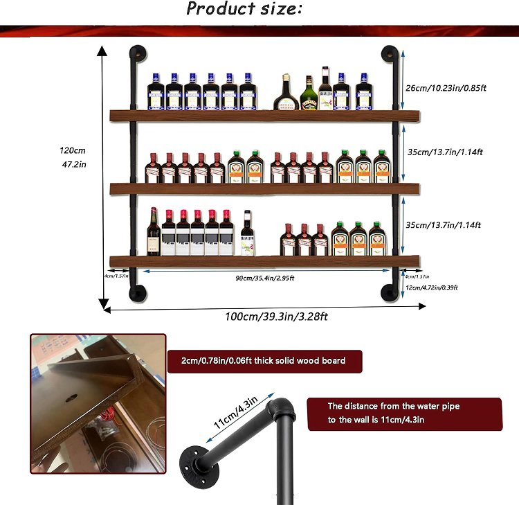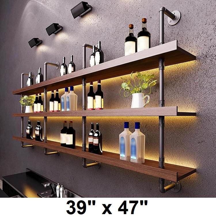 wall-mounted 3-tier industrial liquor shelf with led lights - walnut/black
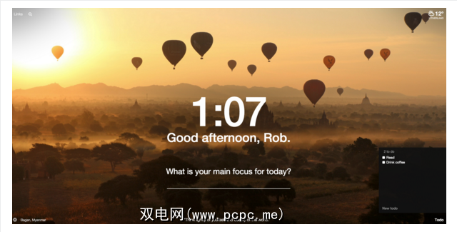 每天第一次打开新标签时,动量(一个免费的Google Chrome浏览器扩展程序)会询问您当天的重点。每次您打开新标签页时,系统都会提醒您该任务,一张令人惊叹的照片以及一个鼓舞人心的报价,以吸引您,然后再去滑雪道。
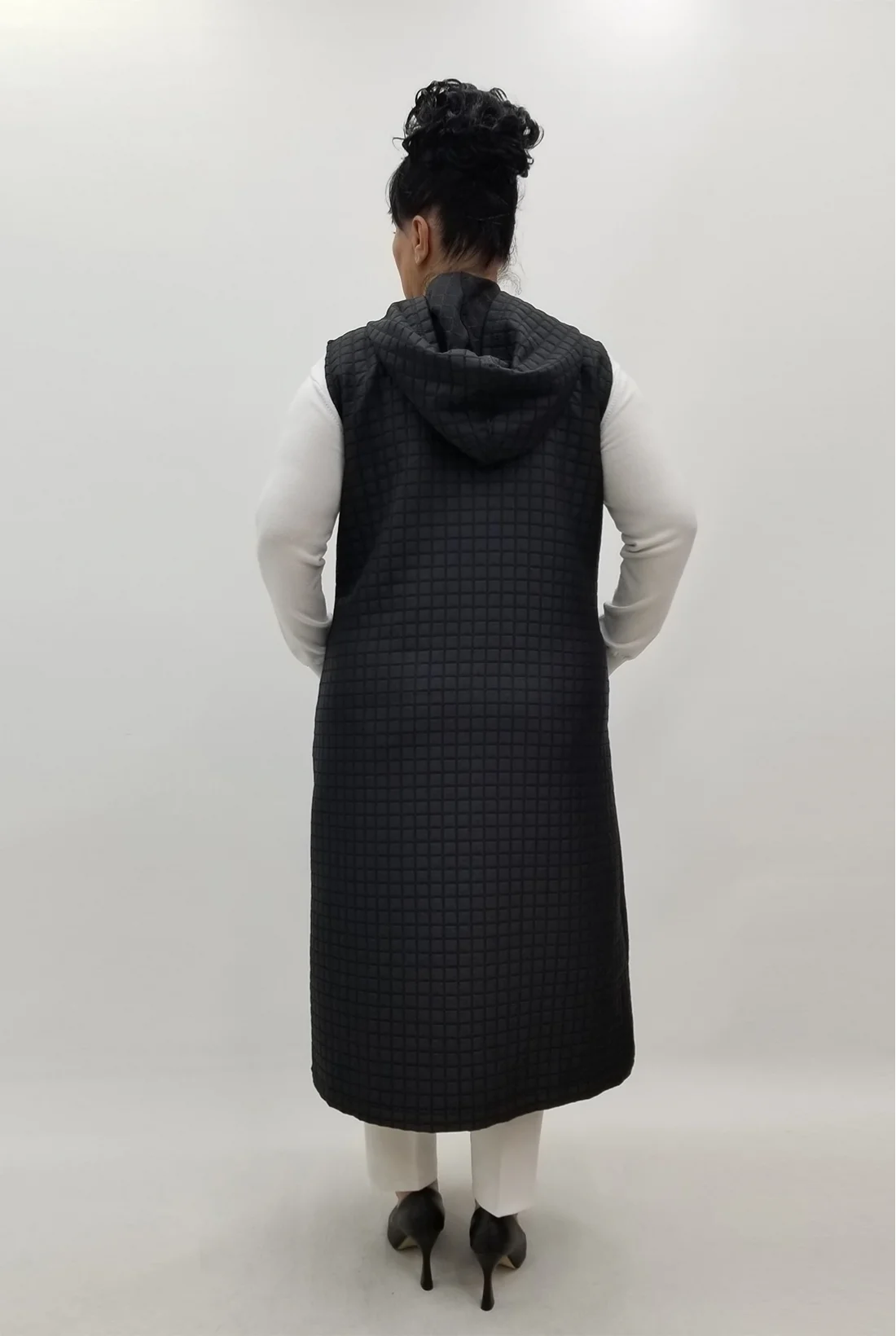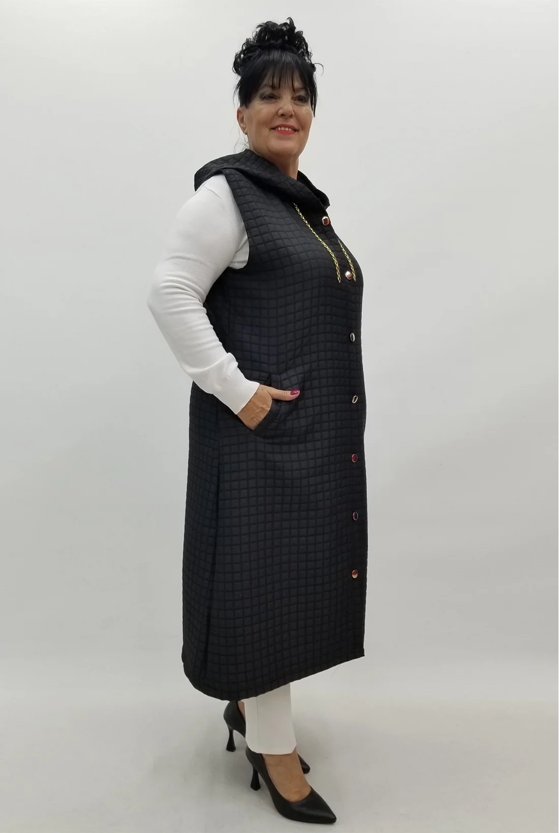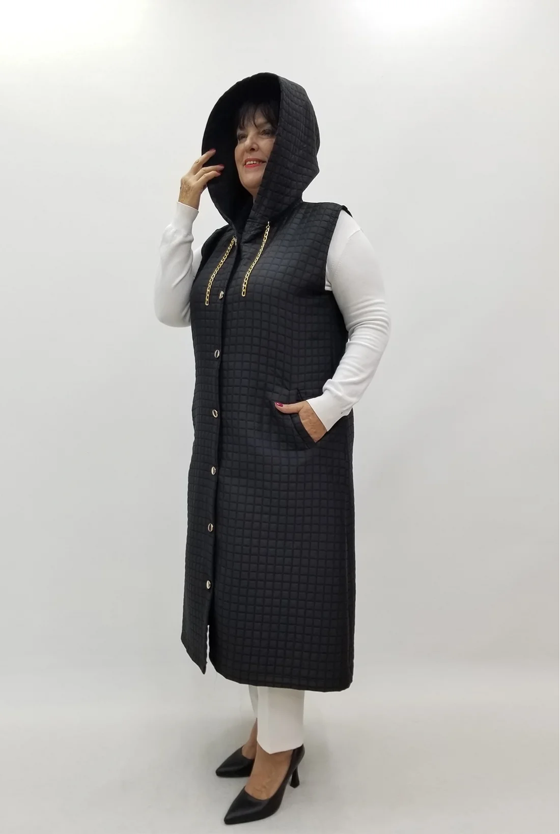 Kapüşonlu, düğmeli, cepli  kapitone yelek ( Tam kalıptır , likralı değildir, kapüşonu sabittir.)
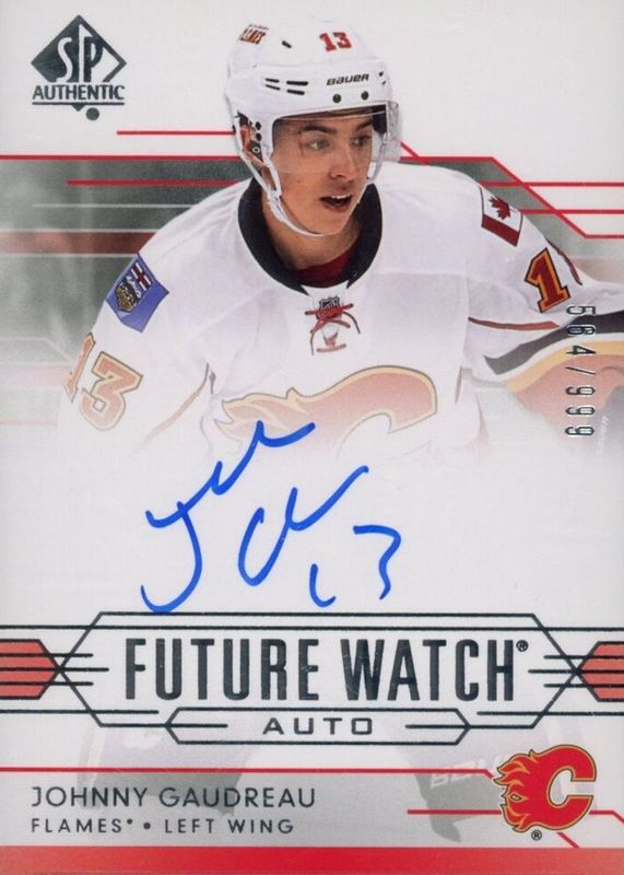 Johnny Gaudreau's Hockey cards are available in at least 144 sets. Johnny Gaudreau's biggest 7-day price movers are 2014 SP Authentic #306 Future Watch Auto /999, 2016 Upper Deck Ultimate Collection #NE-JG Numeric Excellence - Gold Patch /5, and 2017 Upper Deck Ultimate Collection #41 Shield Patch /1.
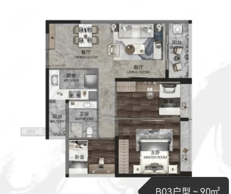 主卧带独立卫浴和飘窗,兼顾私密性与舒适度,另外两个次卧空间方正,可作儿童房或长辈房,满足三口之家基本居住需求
____
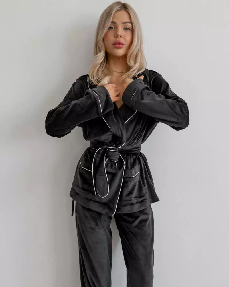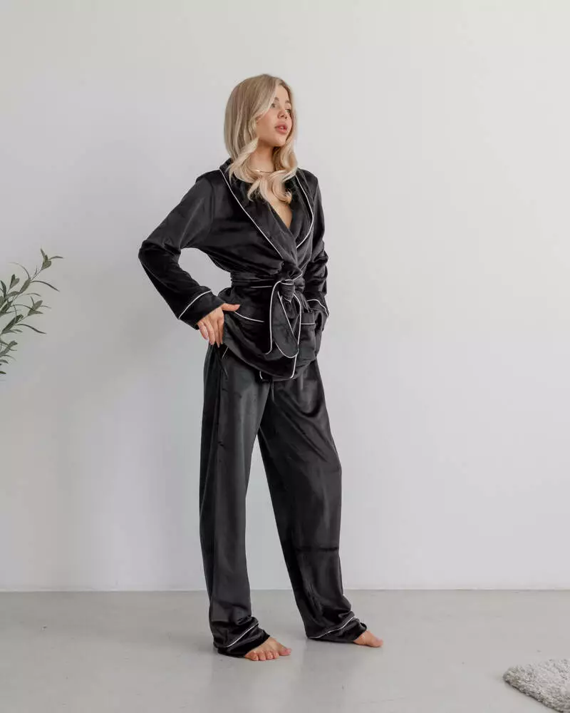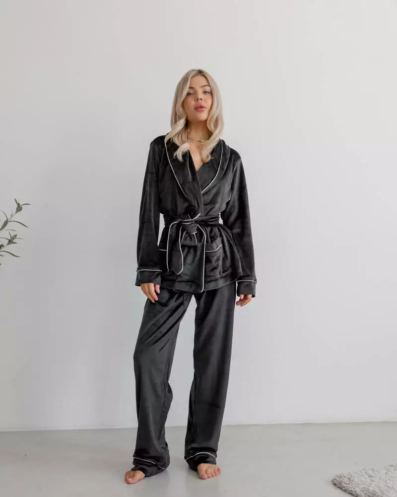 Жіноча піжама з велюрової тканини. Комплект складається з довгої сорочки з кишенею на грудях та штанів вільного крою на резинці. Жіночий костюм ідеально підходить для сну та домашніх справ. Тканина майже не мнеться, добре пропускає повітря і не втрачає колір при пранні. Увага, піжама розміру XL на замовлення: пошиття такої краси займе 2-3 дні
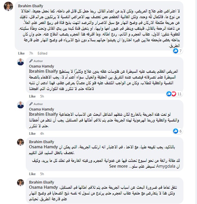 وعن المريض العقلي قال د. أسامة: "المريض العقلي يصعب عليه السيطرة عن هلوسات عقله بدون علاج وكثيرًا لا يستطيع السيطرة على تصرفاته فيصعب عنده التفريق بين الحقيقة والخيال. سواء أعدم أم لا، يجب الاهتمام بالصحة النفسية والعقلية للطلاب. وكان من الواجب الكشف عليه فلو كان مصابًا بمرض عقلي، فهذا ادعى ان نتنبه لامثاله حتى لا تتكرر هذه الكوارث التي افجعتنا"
____
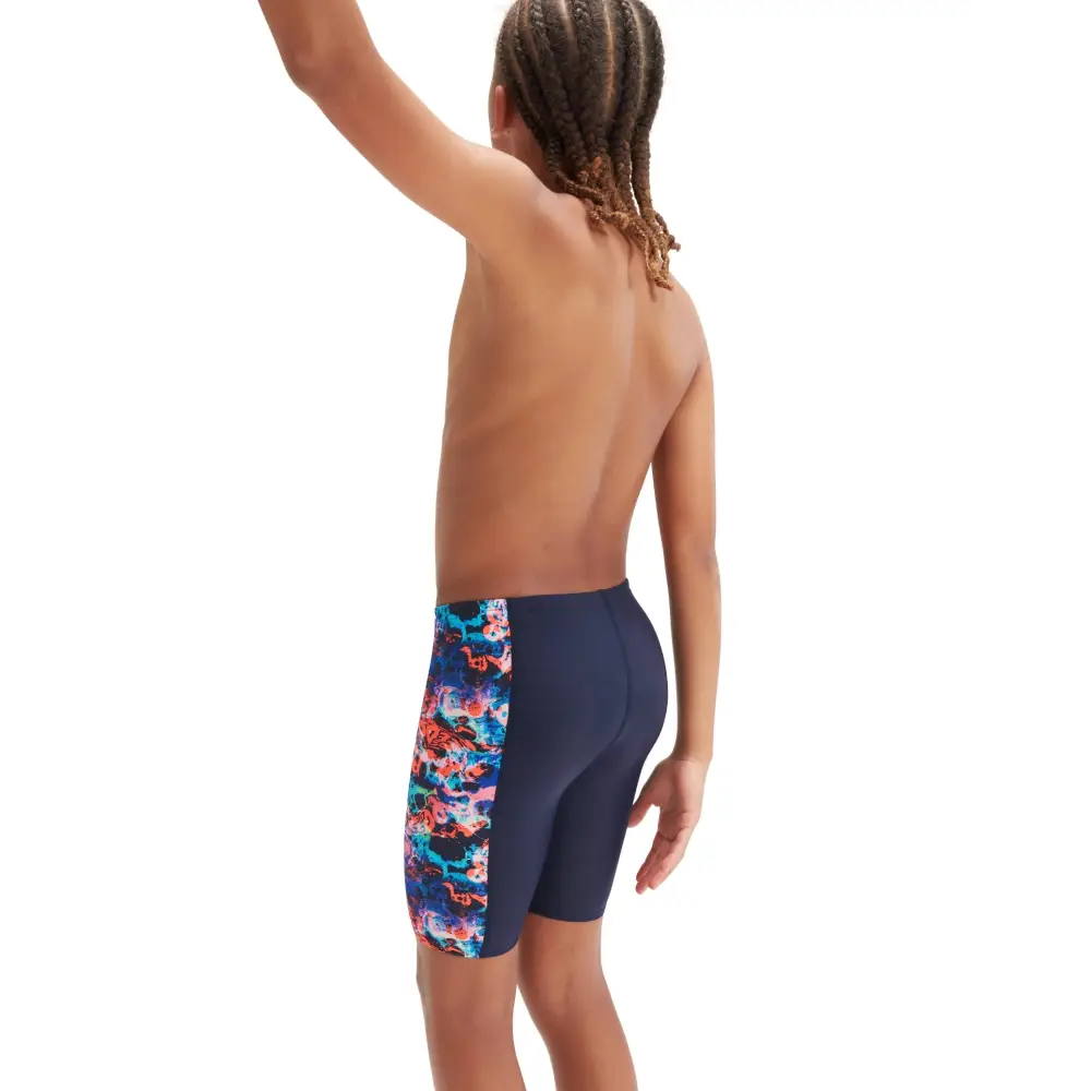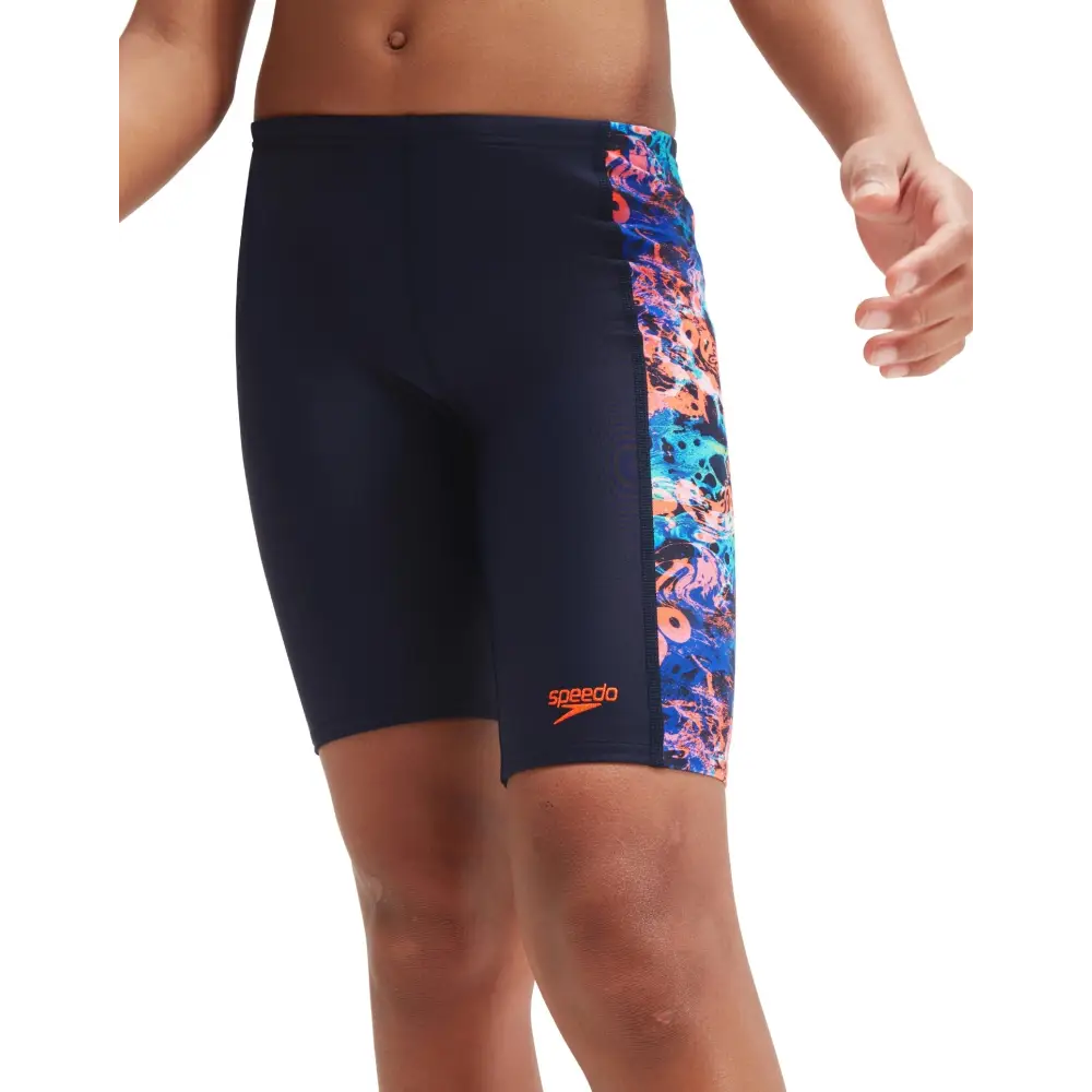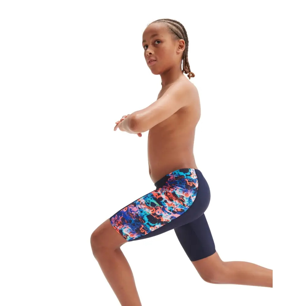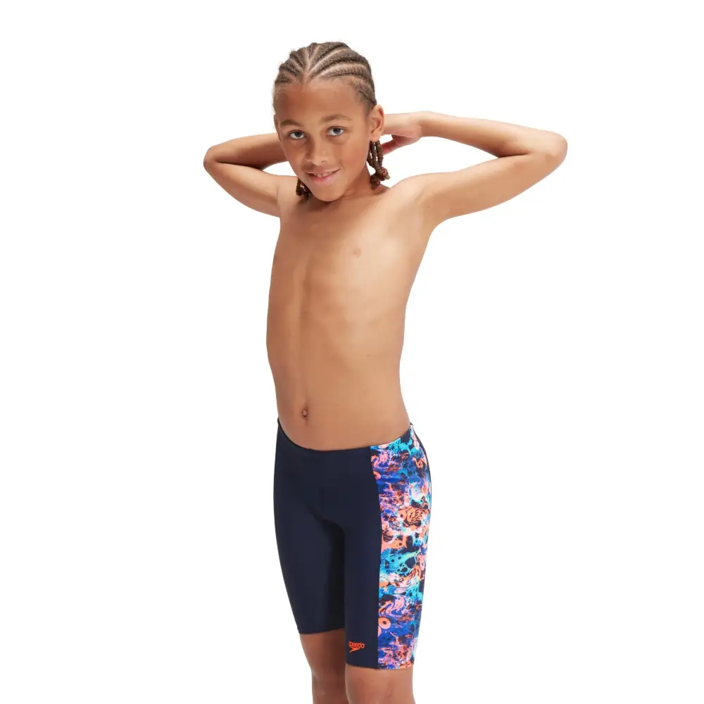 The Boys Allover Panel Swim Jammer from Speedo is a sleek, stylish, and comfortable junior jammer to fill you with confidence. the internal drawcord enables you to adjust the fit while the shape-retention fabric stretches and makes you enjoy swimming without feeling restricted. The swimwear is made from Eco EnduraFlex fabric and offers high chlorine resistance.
____
**THE PROBLEM**
Your answer must be everything above from the line with "wall-mounted 3-tier industrial" down to the line with "每天第一次打开新标签时,动量", word for word, and no pictures.

**ANSWER TO THE EXERCISE**
 wall-mounted 3-tier industrial liquor shelf with led lights - walnut/black
 每天第一次打开新标签时,动量(一个免费的Google Chrome浏览器扩展程序)会询问您当天的重点。每次您打开新标签页时,系统都会提醒您该任务,一张令人惊叹的照片以及一个鼓舞人心的报价,以吸引您,然后再去滑雪道。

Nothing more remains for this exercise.